STORED DATA:
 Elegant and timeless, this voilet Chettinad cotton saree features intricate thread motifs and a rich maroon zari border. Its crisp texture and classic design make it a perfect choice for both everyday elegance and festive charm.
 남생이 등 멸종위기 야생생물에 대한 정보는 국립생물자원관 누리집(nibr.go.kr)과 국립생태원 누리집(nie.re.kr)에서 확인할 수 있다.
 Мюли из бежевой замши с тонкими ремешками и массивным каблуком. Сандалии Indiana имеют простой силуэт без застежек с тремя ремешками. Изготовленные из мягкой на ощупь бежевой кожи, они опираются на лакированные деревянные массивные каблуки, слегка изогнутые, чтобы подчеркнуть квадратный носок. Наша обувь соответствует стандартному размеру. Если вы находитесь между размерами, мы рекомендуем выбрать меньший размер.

--

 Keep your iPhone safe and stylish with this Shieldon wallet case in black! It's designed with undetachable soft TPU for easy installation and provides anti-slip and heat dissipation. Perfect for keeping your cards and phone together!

WHAT YOU HAVE TO DO: Looking back over the data above, restate word for word the lines that begin at the line with "Elegant and timeless, this" and end at the line with "남생이 등 멸종위기 야생생물에", inclusive.

ANSWER AREA:
 Elegant and timeless, this voilet Chettinad cotton saree features intricate thread motifs and a rich maroon zari border. Its crisp texture and classic design make it a perfect choice for both everyday elegance and festive charm.
 남생이 등 멸종위기 야생생물에 대한 정보는 국립생물자원관 누리집(nibr.go.kr)과 국립생태원 누리집(nie.re.kr)에서 확인할 수 있다.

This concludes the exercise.